**STORED DATA**:
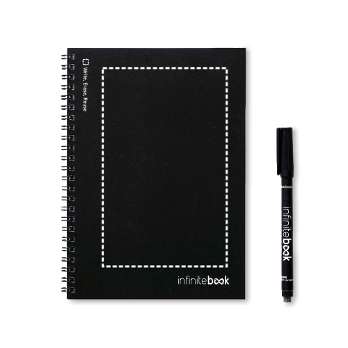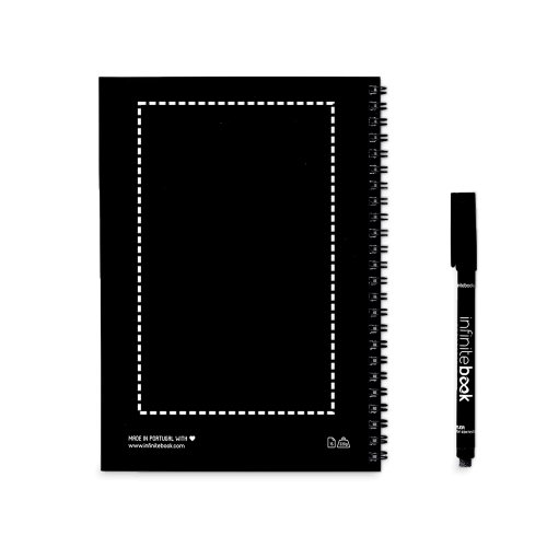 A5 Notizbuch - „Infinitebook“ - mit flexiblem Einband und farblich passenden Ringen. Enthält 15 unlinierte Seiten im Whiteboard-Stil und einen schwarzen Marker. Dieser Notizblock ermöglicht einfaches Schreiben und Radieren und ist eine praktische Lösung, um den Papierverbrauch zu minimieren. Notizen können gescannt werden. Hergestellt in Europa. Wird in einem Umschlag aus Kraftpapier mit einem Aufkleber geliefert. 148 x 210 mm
* * *
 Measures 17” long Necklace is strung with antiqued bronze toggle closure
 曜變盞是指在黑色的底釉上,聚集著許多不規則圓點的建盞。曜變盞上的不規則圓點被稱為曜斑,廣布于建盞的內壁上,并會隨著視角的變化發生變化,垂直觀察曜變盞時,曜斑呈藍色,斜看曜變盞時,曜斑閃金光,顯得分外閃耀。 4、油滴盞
==
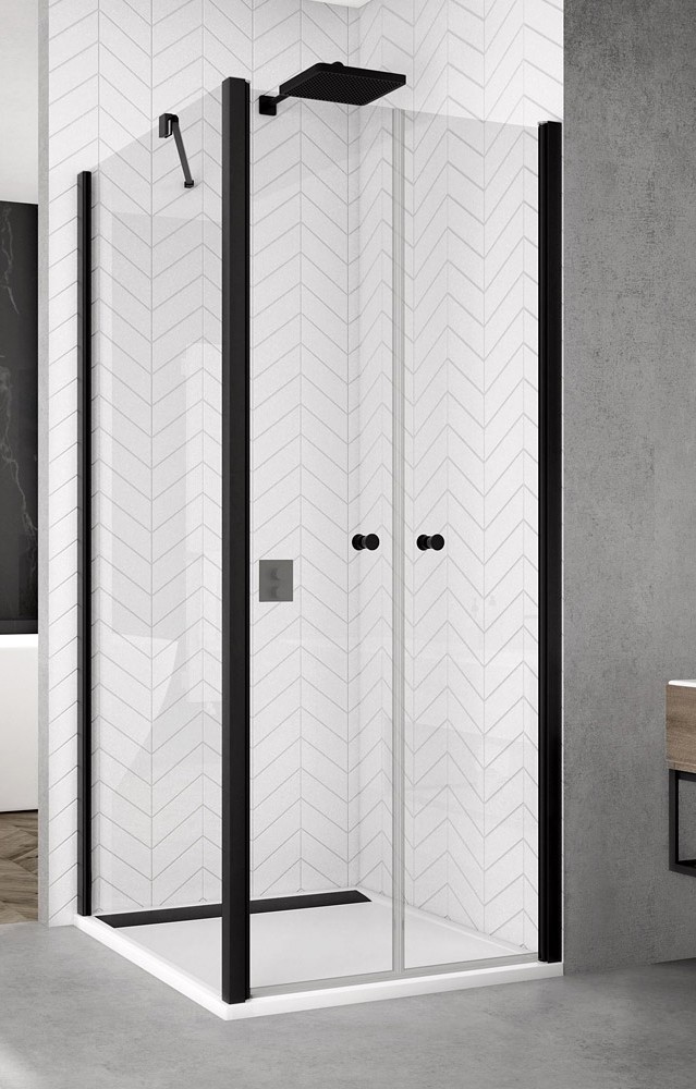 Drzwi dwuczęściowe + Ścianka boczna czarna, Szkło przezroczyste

**TASK**: In the data above, start at the line that has "bronze toggle closure", stop after the line that has "曜變盞是指在黑色的底釉上,聚", and print every line in between exactly as it stands.

**OUTPUT BELOW**:
 Measures 17” long Necklace is strung with antiqued bronze toggle closure
 曜變盞是指在黑色的底釉上,聚集著許多不規則圓點的建盞。曜變盞上的不規則圓點被稱為曜斑,廣布于建盞的內壁上,并會隨著視角的變化發生變化,垂直觀察曜變盞時,曜斑呈藍色,斜看曜變盞時,曜斑閃金光,顯得分外閃耀。 4、油滴盞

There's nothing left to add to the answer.